Sugar swung the door open and was knocked back by the brilliant August sunlight.

“I been thinking that maybe we could try this here thing one more time,” Pearl said, stepping in, sweet potato pie in hand, and closing the door behind her.

It’d been weeks since Pearl and Sugar spoke to each other. Each went about her life as if the other didn’t exist, both miserable without the other. Pearl confided in Joe, leaving out the real reason she and Sugar had fought.

“You call her friend, Bit?” Joe asked when she mentioned that Sugar and her had had words.

Pearl nodded yes.

“Friends forgive,” was all he said and the matter was solved as far as he was concerned.

Pearl made it clear to Sugar that coming to her home did not for one moment mean she approved of how Sugar made her money. She was there because she believed all of God’s people could change their ways, save their souls.

Sugar stifled a laugh and lit a cigarette.
I ain’t got no soul to save,
she thought to herself. “So I hear, Miss Pearl, so I hear,” she said and exhaled enough smoke to cloak the doubt that she was sure was evident in her eyes.

“Miss Pearl, tell me about Jude,” Sugar asked delicately, realizing that this was the cause of great pain for Pearl, and most recently Sugar. Sugar had felt uneasy after she and Pearl fought. Since Pearl had called her Jude, Sugar could not sleep without waking in a cold sweat and Jude’s name on her lips.

“They never found the killer?” Sugar asked again, unable to believe that a person responsible for a crime so abominable would be allowed, by God himself, to walk this earth unpunished.

Pearl shook her head. Her hands were shaking and her voice was barely a whisper, but she assured Sugar she was fine. “It’s still hard to talk about it even after all this time,” Pearl said and wiped at the mist in her eyes. “Now you. Tell me about you. How you came to doing what you do.”

Sugar’s mouth opened and then closed. She got up to get her cigarettes. This wasn’t going to be easy. She wouldn’t start at the beginning but in the middle where the pain was numbing.

Sugar arrived back in Short Junction by bus. Fifteen years hadn’t really changed Short Junction. It was still made up of clapboard houses and barnyard dogs, except now the dogs were older, their bark less threatening, and the houses slouched a little more.

People still moved like molasses and greeted each other with Mornin’ or Evenin’ whenever they passed you in town or along a quiet patch of dirt road. No, not much had changed.

Sugar paid a young, broad-necked boy to fetch her bags and to bring them on to the Lacey place. She wanted to walk. She needed to walk. Walk Chicago, Detroit and St. Louis out of her soul.

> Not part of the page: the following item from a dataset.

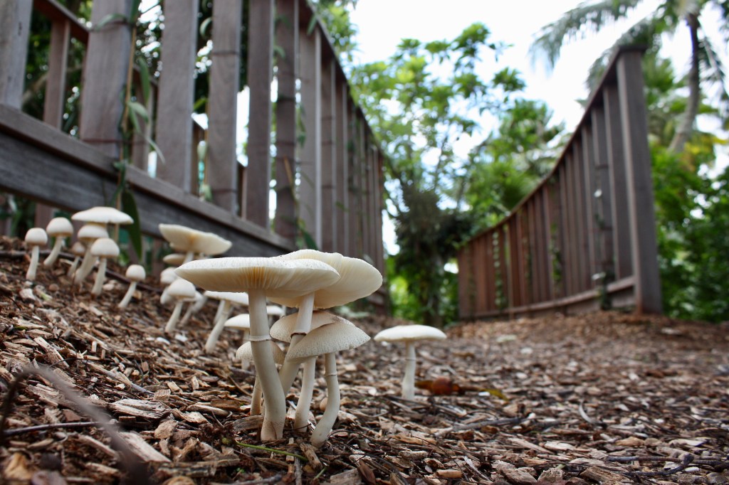 Deadly mushrooms sprout from the mulch along a path at the Naples Botanical Garden.

She made her way down Route 4. The rain had come during the night and left the road muddy in some parts. Sugar’s heels sank deep into the earth, holding her hostage for short periods of time. She removed them, allowing the cool earth to seep through her nylons and kiss the soles of her feet.

She stopped to admire a field of wildflowers, resting her head against the damp wooden post and plucking at the barbed wire that entwined it. She recalled her childhood and the easy joy she’d experienced among those brilliant flowers.

She stopped two or three times to ask for directions to the Lacey home. Not because she was lost, but because she wanted to exchange words with the people of Short Junction. She needed to re-connect with what she was before she’d become Sugar the whore.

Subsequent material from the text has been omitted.